[Exercise objective]
In the entries below, which lines run from the one with "Colourful Feathers And" through the one with "14K Yellow Gold, Pink"? Repeat exactly those, both included, and no pictures.

[Provided data]
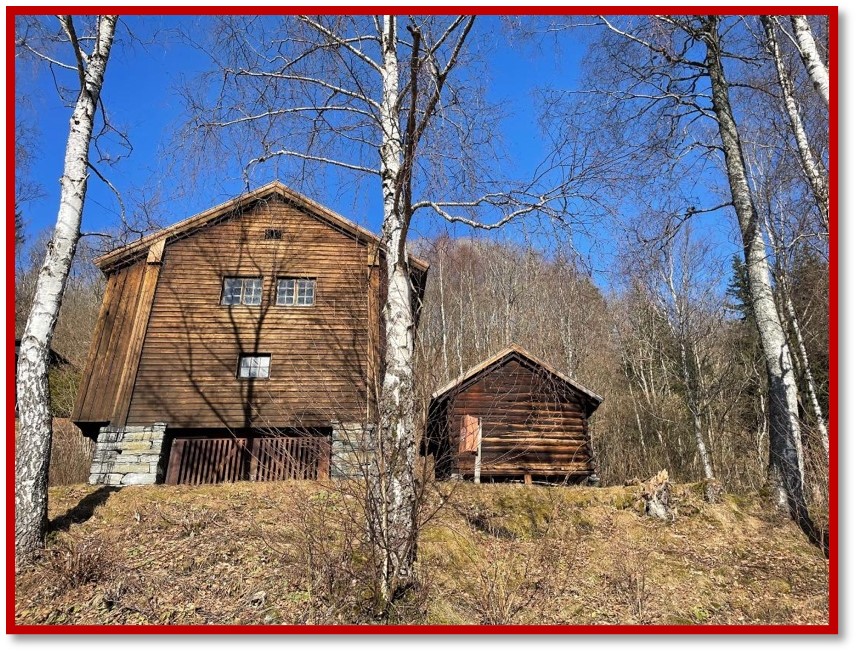 Det er tid for å raka og rydda rundt bygningane «våre», og fjerna bringebærris, rynningar og anna kratt i skråninga på oppsida, for å hindra at vegetasjonen kjem for tett på gamle vegger.
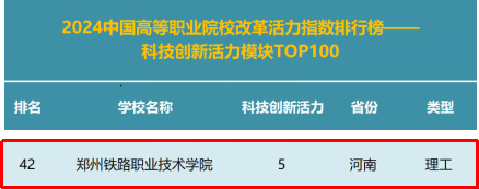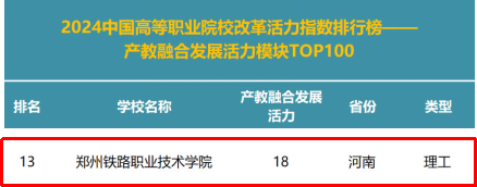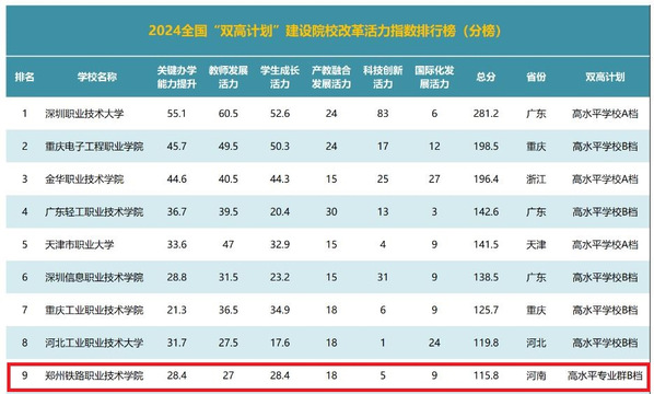 学校在各个分榜中均有出色表现:在2024全国“双高计划”建设院校改革活力指数排行榜(分榜)中位列第9位、在2024关键办学能力提升模块排行榜中位列第16位、在2024教师发展活力模块排行榜中位列第16位、在2024学生成长活力模块排行榜中位列第7位、在2024产教融合发展活力模块排行榜中位列第13位、在2024科技创新活力模块排行榜中位列第42位、在2024国际化发展活力模块排行榜中位列第52位。
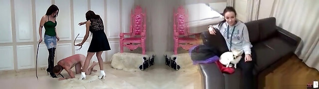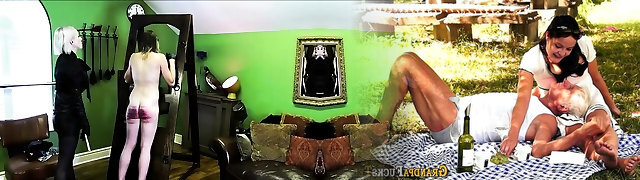 Brunette girl gets tied up before a dominatrix commencs punishing her
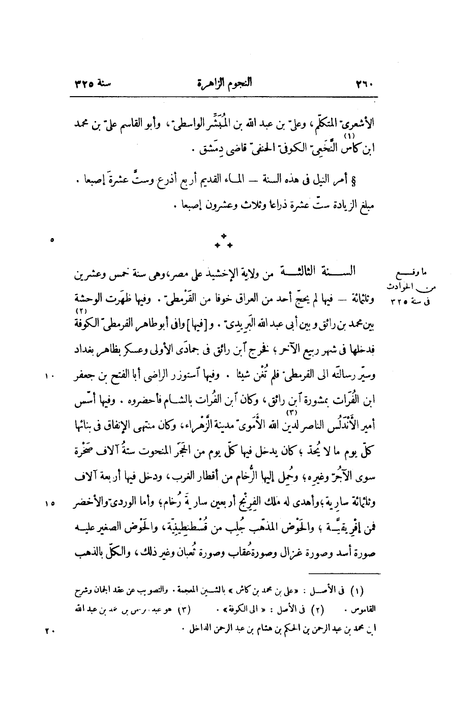 السنة الثالثة من ولاية الإخشيذ على مصر، وهى سنة خمس وعشرين وثلثمائة- فيها لم يحجّ أحد من العراق خوفا من القرمطىّ. وفيها ظهرت الوحشة بين محمد بن رائق وبين أبى عبد الله البريدىّ. و [فيها] وافى أبو طاهر القرمطىّ الكوفة «2» فدخلها في شهر ربيع الآخر؛ فخرج ابن رائق في جمادى الأولى وعسكر بظاهر بغداد وسيّر رسالته الى القرمطىّ فلم تغن شيئا. وفيها استوزر الراضى أبا الفتح بن جعفر ابن الفرات بمشورة ابن رائق، وكان ابن الفرات بالشام فأحضروه. وفيها أسّس أمير الأندلس الناصر لدين «3» الله الأموىّ مدينة الزّهراء، وكان منتهى الإنفاق في بنائها كلّ يوم ما لا يحدّ؛ كان يدخل فيها كلّ يوم من الحجر المنحوت ستة آلاف صخرة سوى الآجرّ وغيره؛ وحمل إليها الرّخام من أقطار الغرب، ودخل فيها أربعة آلاف وثلثمائة سارية؛ وأهدى له ملك الفرنج أربعين سارية رخام؛ وأما الوردىّ والأخضر فمن إفريقيّة؛ والحوض المذهّب جلب من قسطنطينيّة، والحوض الصغير عليه صورة أسد وصورة غزال وصورة عقاب وصورة ثعبان وغير ذلك، والكلّ بالذهب
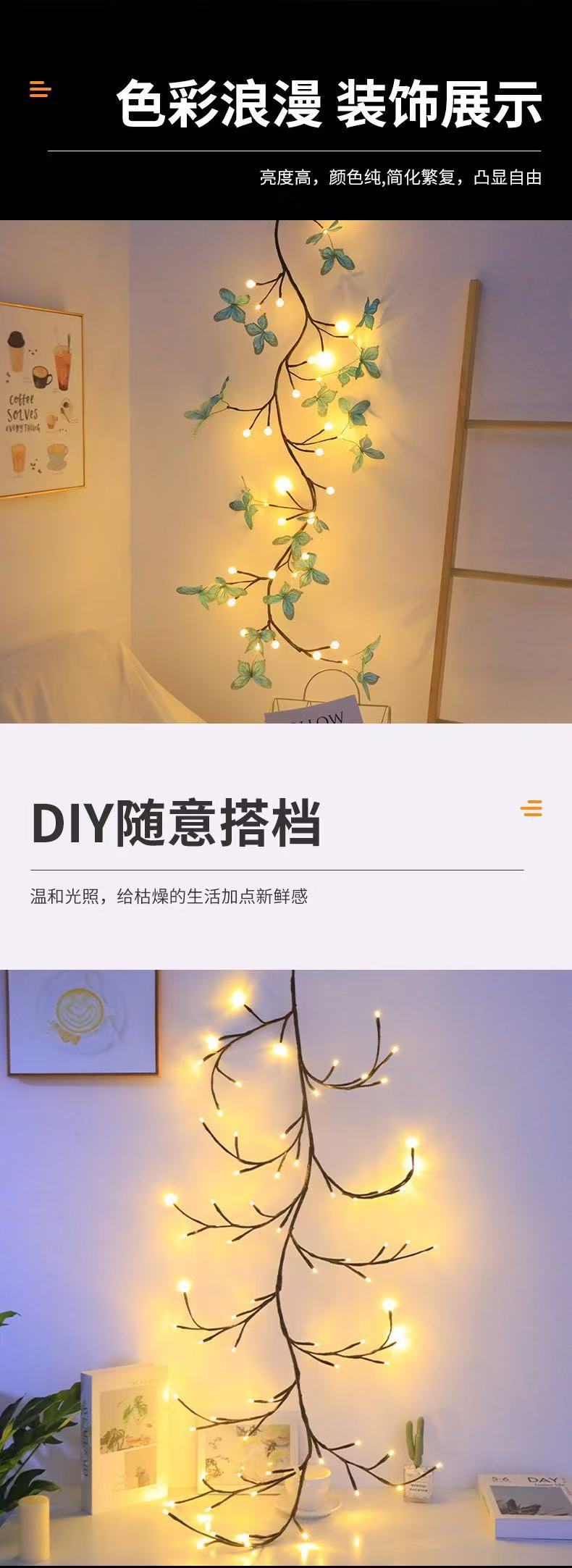 국경을 넘는 인기 LED 조명 스트링 등, 실내 침실 장식 분위기 조명, 새로운 나무 등나무 조명, 컬러풀한 조명, 야간 조명스토어 가기
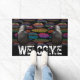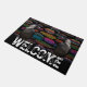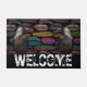Colourful Feathers And Two Ravens Door Mat Rug. Picture of two ravens perched on welcome. Home decor. Perfect for those who love Ravens, Crows and Black birds. You can customise colour, size and style. With or without the bright feather background. Great gift idea.
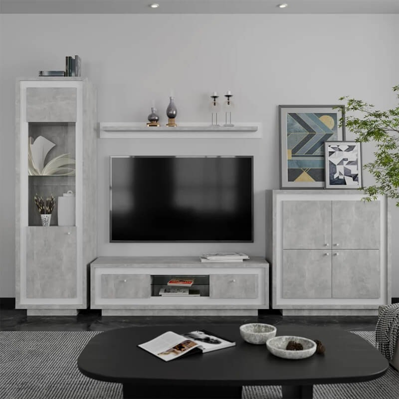 Вітальня Антарес Gerbor– комплект меблів у вітальню модульної системи Антарес від фабрики Gerbor-холдiнг. Виготовляється з ламінованої ДСП товщиною 16 мм (задня стінка ДВП 3 мм) у двох кольорових рішеннях: бетон ательєр / німфеа альба та дуб тахо / чорний.
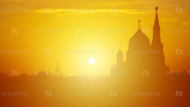 Вид на закат на Московский Кремль и Москву-реку в Москве, Россия. Архитектура и достопримечательность Москвы, городской пейзаж Москвы
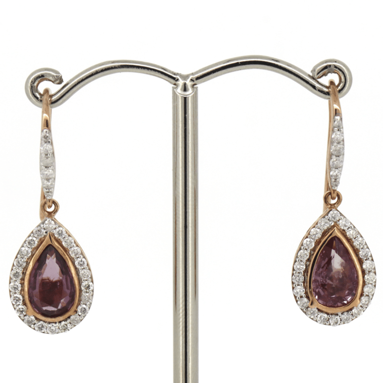 14K Yellow Gold, Pink Sapphire And Diamond, Halo Drop Earrings. The Drops Feature, 2 Pear Cut, Deep Moderate Orange-Pink, Sapphires (2.66Ct Tsw, Moderate Inclusions), Bezel Set. Surrounding The Centres In Halos And Decorating The Hooks Are, 56 Round Brilliant Cut, Diamonds (0.60Ct Tdw, G-H Colour, Si1-Si2 Clarity), Micro-Claw Set In White Gold. The Earrings Feature Sheppard Hooks.
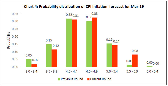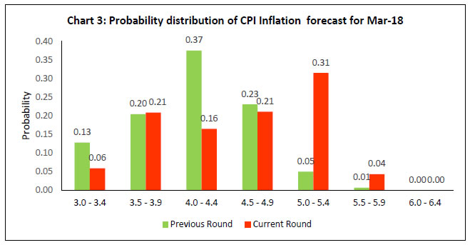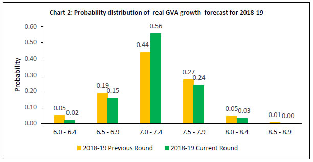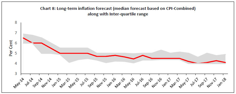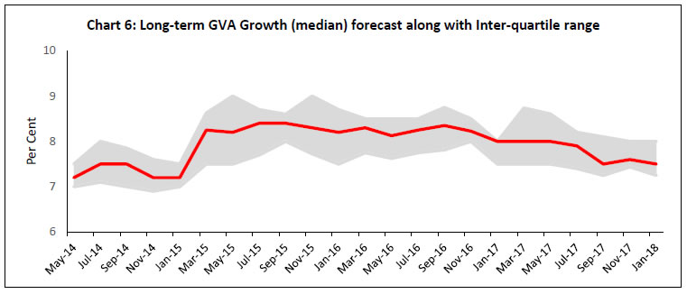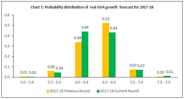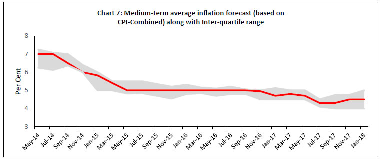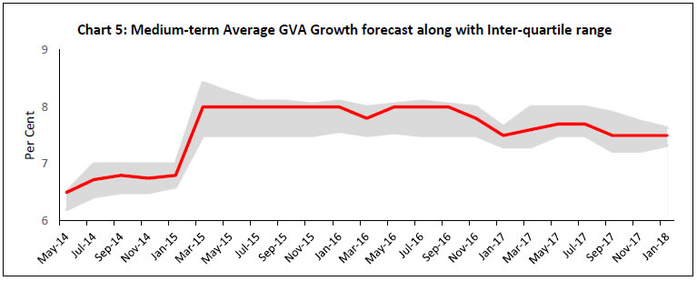 Growth is expected to moderate in 2017-18 and firm up in 2018-19 on the back of higher private consumption, according to the 30 forecasters surveyed by the Reserve Bank. Consumer Price inflation is expected to gradually rise to 5.5 per cent by Q1:2018-19. Today, the Reserve Bank released the results of the 50th round of the Survey of Professional Forecasters (SPF), which it has been conducting since September 2007. Thirty analysts participated in the January 20182 round of the survey. The results are summarised in terms of median forecasts (Annexes 1-8) and are available at the RBI website. Highlights: 1. Output • Real gross domestic product (GDP) and real gross value added (GVA) are likely to grow by 6.5 per cent and 6.1 per cent, respectively, in 2017-18 and rise further by 90 and 100 basis points (bps), respectively in 2018-19 on the back of support from private consumption (Table 1). • The saving rate is expected to improve in 2018-19 without, however, a commensurate upturn in the investment rate. | Table 1: Median Forecast of Growth in Real GDP, GVA and Components | | (in per cent) | | | 2017-18 | 2018-19 | | Real GDP Growth | 6.5 (-0.2) | 7.4 (-0.1) | | Real GVA Growth | 6.1 (-0.4) | 7.1 (-0.3) | | a. Agriculture and Allied Activities | 2.1 (-0.9) | 3.2 (+0.2) | | b. Industry | 4.6 (-0.1) | 6.5 (-0.3) | | c. Services | 7.6 (-0.5) | 8.3 (-0.1) | Private Final Consumption Expenditure (nominal) (growth rate in per cent) | 9.5 (-1.5) | 11.8 (-0.7) | Gross Saving Rate [per cent of gross national deposable income (GNDI)] | 30.9 (-0.1) | 31.5 (0.0) | Gross Fixed Capital Formation Rate (per cent of GDP) | 26.4 (-0.1) | 26.7 (-1.2) | | Note: In all the tables, figures in parentheses indicate the extent of revision in median forecasts (percentage points) relative to the previous SPF round. | • Forecasters have assigned the maximum probability to GVA growth being in the range of 6.0-6.4 per cent in 2017-18, as against the range of 6.5-6.9 per cent in the previous survey round (Chart 1). • For 2018-19, forecasters have assigned the highest probability to GVA growth being in the range of 7.0-7.4 per cent in this round; correspondingly, the probability of GVA growth being 7.5 per cent or more has been brought down (Chart 2). 2. Inflation • Headline consumer price index (CPI) inflation is expected to increase till Q1:2018-19 and moderate thereafter. Inflation forecasts have been revised up in the current round by 50-60 basis points from the previous round (Table 2). • CPI inflation excluding food and beverages, pan, tobacco and intoxicants, and fuel and light is likely to remain at around 5.0 per cent till Q3:2018-19. | Table 2: Median Forecast of Inflation | | (in per cent) | | | Q4:17-18 | Q1:18-19 | Q2:18-19 | Q3:18-19 | | CPI- Headline | 5.0 (+0.6) | 5.5 (+0.6) | 5.0 (+0.5) | 4.4 | | CPI excluding food & beverages, pan, tobacco & intoxicants and fuel & light | 4.9 (+0.1) | 5.3 (+0.1) | 5.3 (+0.4) | 4.9 | | WPI – All Commodities | 3.2 (+0.2) | 4.0 (+0.3) | 4.2 (+0.3) | 3.3 | | WPI – Non-food Manufactured Products | 2.7 (0.0) | 2.8 (0.0) | 2.9 (-0.2) | 2.4 | • Forecasters have assigned the highest probability to CPI inflation being in the range of 5.0-5.4 per cent in March 2018, with the distribution shifting to the right as compared with the previous round of the survey (Chart 3). • For March 2019, forecasters assigned the highest probability to CPI inflation in the range of 4.5-4.9 per cent (Chart 4). 3. External Sector • Forecasts of exports and imports during 2017-18 have been revised upwards from the last survey round; however, both export and import growth are likely to moderate in 2018-19 (Table 3). • The current account deficit (CAD) is expected to remain stable at around 1.7 per cent of GDP in 2017-18 and increase to 1.9 per cent in 2018-19. • The Indian rupee is likely to remain range-bound against the US dollar during the next four quarters (Annex 3). | Table 3: Median Forecast of Select External Sector Variables | | | 2017-18 | 2018-19 | Merchandise Exports: in US $ terms (annual growth in per cent) | 9.5 (+1.6) | 8.3 (+0.8) | Merchandise Imports: in US $ terms (annual growth in per cent) | 16.4 (+3.4) | 9.2 (+1.6) | Current Account Deficit (Ratio to GDP at current market prices, in per cent) | 1.7 (+0.1) | 1.9 (+0.2) | 4. Medium-term and Long-term Forecasts • The medium-term (five-year average) real GVA growth forecast remained unchanged from the last survey round at 7.5 per cent (Chart 5), while the long-term (ten-year average) real GVA growth forecast moderated by 10 bps to 7.5 per cent (Chart 6). • Average CPI headline inflation in the medium-term and the long-term are expected to be around 4.5 and 4.1 per cent, respectively, with the latter having been revised downwards by 20 bps, respectively, from the previous round of the survey (Charts 7 and 8).   The Reserve Bank thanks the following institutions for their participation in this round of the Survey of Professional Forecasters (SPF): Aditi Nayar, ICRA Limited; Anubhuti Sahay, Standard chartered bank; Debopam Chaudhuri, Piramal Enterprises Limited; Dun & Bradstreet; Gaurav Kapur, IndusInd Bank Ltd.; ICICI Securities Primary Dealership; Indranil Pan, IDFC bank; Nikhil Gupta, Motilal Oswal Securities Ltd.; PHD Research Bureau; Sameer Narang, Bank of Baroda; Shailesh Kejariwal, B&K Securities India Pvt Ltd; Siddharth V Kothari, Sunidhi Securities & Finance Ltd; Sumedh Deorukhkar, BBVA Hong Kong; and Upasna Bhardwaj, Kotak Mahindra Bank. The Bank also acknowledges the contribution of 12 others SPF panellists, who prefer to remain anonymous. | | Annex 1: Annual Forecasts for 2017-18 | | | Key Macroeconomic Indicators | Annual Forecasts for 2017-18 | | Mean | Median | Max | Min | 1st quartile | 3rd quartile | | 1 | GDP at constant (2011-12) prices: Annual Growth (per cent) | 6.5 | 6.5 | 6.8 | 6.4 | 6.5 | 6.6 | | 2 | GVA at basic prices at constant (2011-12) prices: Annual Growth rate (per cent) | 6.2 |
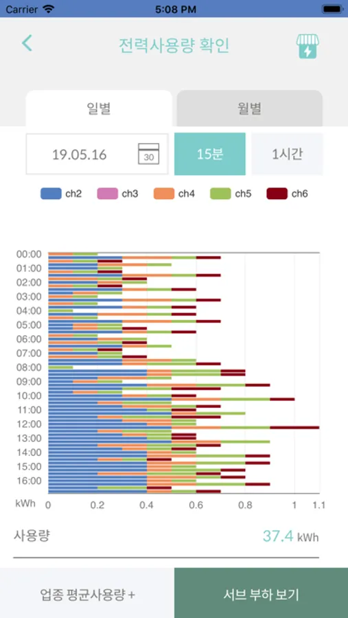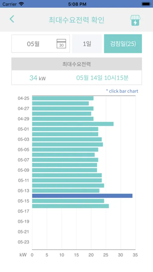 : 우리 매장의 전력사용량과 최대수요전력을 확인할 수 있습니다. 그래프를 터치하면 데이터를 텍스트로 볼 수 있습니다. 15분 단위, 60분 단위로 볼 수 있는 일별과 1일, 해당 검침일 기준으로 볼 수 있는 월별로 구분하여 확인 가능합니다.
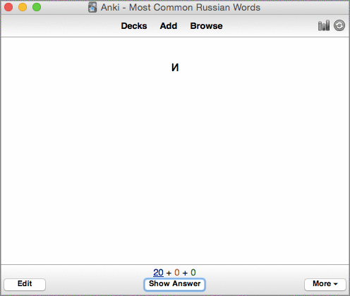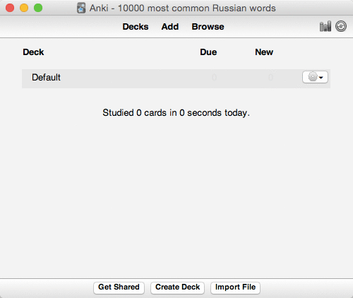 After you download a deck, click on Import file on the above window. Select the file — Anki Deck — that you have just downloaded. Then click on the title of the Deck to start studying the words. Press Study Now on the following window. (Note: If the name reads “10000 most frequent Russian words” irrespective of the deck you downloaded, you haven’t made a mistake. Just rename the file. The reason is I used the big deck to create the smaller decks
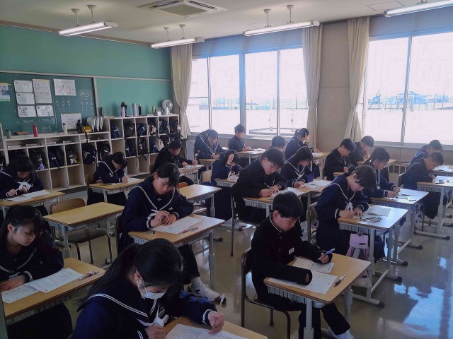 1年生は昨日から標準学力検査が行われています。昨日の社、理、英の3教科に続き、今日は国語と算数です。入学したばかりなのに、早速のテストですが、生徒たちは真剣に取り組んでいます。

[Completed exercise]
Colourful Feathers And Two Ravens Door Mat Rug. Picture of two ravens perched on welcome. Home decor. Perfect for those who love Ravens, Crows and Black birds. You can customise colour, size and style. With or without the bright feather background. Great gift idea.
 Вітальня Антарес Gerbor– комплект меблів у вітальню модульної системи Антарес від фабрики Gerbor-холдiнг. Виготовляється з ламінованої ДСП товщиною 16 мм (задня стінка ДВП 3 мм) у двох кольорових рішеннях: бетон ательєр / німфеа альба та дуб тахо / чорний.
 Вид на закат на Московский Кремль и Москву-реку в Москве, Россия. Архитектура и достопримечательность Москвы, городской пейзаж Москвы
 14K Yellow Gold, Pink Sapphire And Diamond, Halo Drop Earrings. The Drops Feature, 2 Pear Cut, Deep Moderate Orange-Pink, Sapphires (2.66Ct Tsw, Moderate Inclusions), Bezel Set. Surrounding The Centres In Halos And Decorating The Hooks Are, 56 Round Brilliant Cut, Diamonds (0.60Ct Tdw, G-H Colour, Si1-Si2 Clarity), Micro-Claw Set In White Gold. The Earrings Feature Sheppard Hooks.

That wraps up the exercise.